What you are asked to do: What you return should be the lines from the one with "Santa Casa com" through the one with "Рождественские деревянные подвески" in the data below, reproduced exactly with both ends, and no pictures at all.

Records shown:
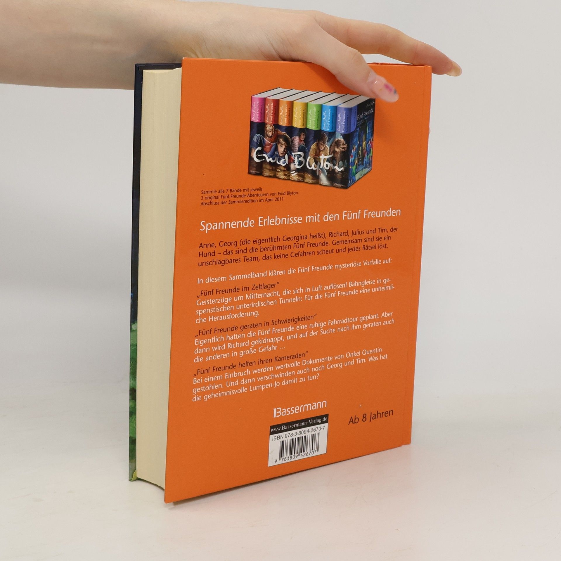 Spannende Erlebnisse mit den Fünf Freunden Seit über 50 Jahren fiebern Kinder mit, wenn die Fünf Freunde Anne, Georg (die eigentlich Georgina heißt), Richard, Julius und der Hund Tim in alten Gemäuern, dunklen Höhlen oder unterirdischen Gängen verborgene Schätze aufspüren oder sich gegen finstere Gestalten behaupten. In diesem Sammelband haben es die Fünf Freunde mit mysteriösen Vorfällen zu tun: Fünf Freunde im ZeltlagerGeisterzüge um Mitternacht, die sich in Luft auflösen! Bahngleise in gespenstischen unterirdischen Tunneln: Für die Fünf Freunde eine unheimliche Herausforderung. Fünf Freunde geraten in SchwierigkeitenEigentlich hatten die Fünf Freunde eine ruhige Fahrradtour geplant. Aber dann wird Richard gekidnappt, und auf der Suche nach ihm geraten auch die anderen in große Gefahr … Fünf Freunde helfen ihren KameradenBei einem Einbruch werden wertvolle Dokumente von Onkel Quentin gestohlen. Und dann verschwinden auch noch Georg und Tim. Was hat die geheimnisvolle Lumpen-Jo damit zu tun?
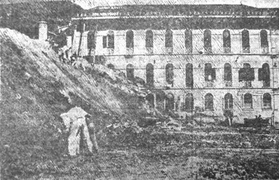 Santa Casa com a terra acumulada. Estabeleça-se a proporção e se terá a idéia exata do que foi a avalanche desabada"
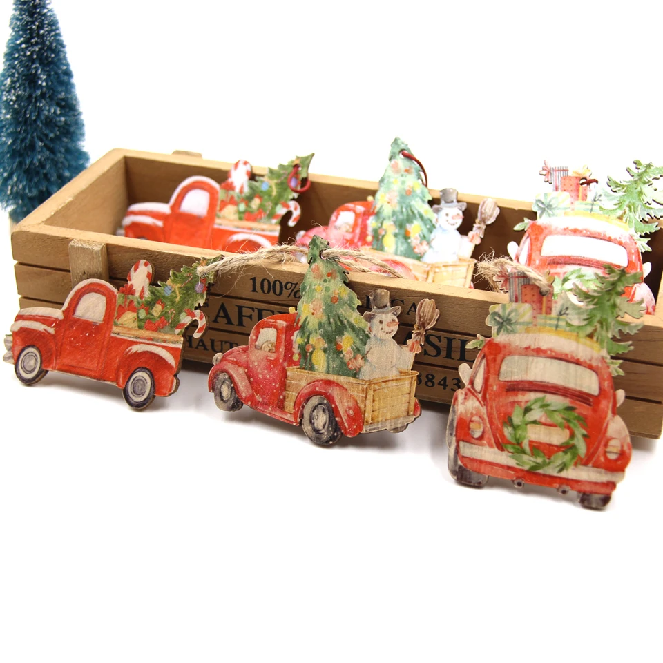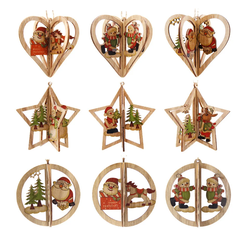 Рождественские деревянные подвески с принтом, 3 шт.лот, подарки из дерева, подвесные украшения сделай сам, рождественские украшения
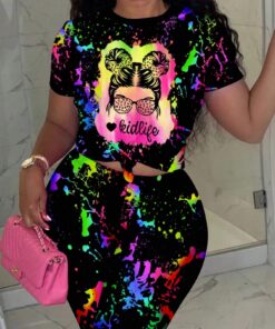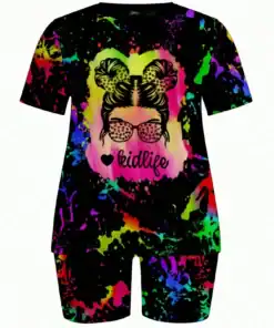 Slaydiva 2pcs Set Women’s Casual Neon Colorful Tie Dye & Portrait Printed Matching Top And Shorts For Summer
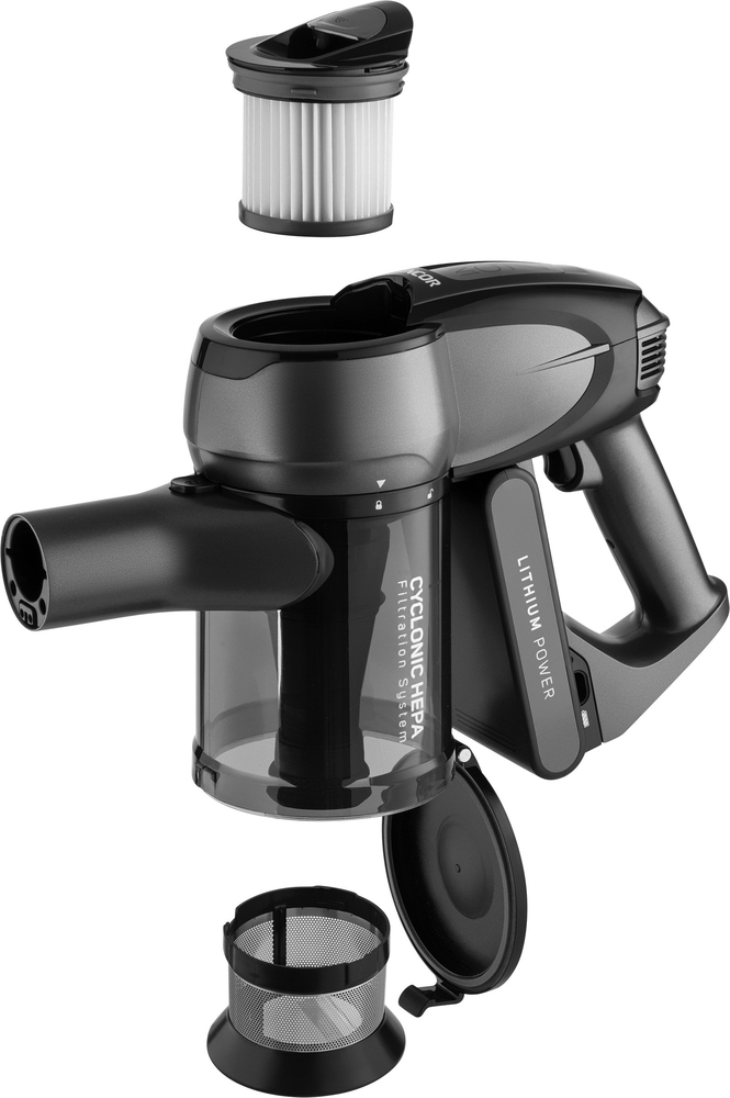 4-1-ში დიზაინის მქონე ხელის მტვერსასრუტი, მუშაობს როგორც მშრალი ისე სველი ტექნოლოგიით, ასევე ტრანსფორმირდება პორტატულ მტვერსასრუტად, რომლის გამოყენება საკმაოდ მარტივი და კომფორტულია. მტვერსასრუტს აქვს HEPA ფილტრაციის სისტემა და LED ილუმინაცია, რომლის მეშვეობითაც ისრუტავს მტვრის მცირე ნაწილაკებსაც კი. 360° ტექნოლოგია საშუალებას გაძლევთ მარტივად მიაღწიოთ რთულად მისადომ ადილებშიც. შესაძლებელია აირჩიოთ სიჩქარის სამი ვარიანტიდან ერთ-ერთი - Turbo, High Speed ან Extended Vacuuming Time.

Result for this exercise:
 Santa Casa com a terra acumulada. Estabeleça-se a proporção e se terá a idéia exata do que foi a avalanche desabada"
 Рождественские деревянные подвески с принтом, 3 шт.лот, подарки из дерева, подвесные украшения сделай сам, рождественские украшения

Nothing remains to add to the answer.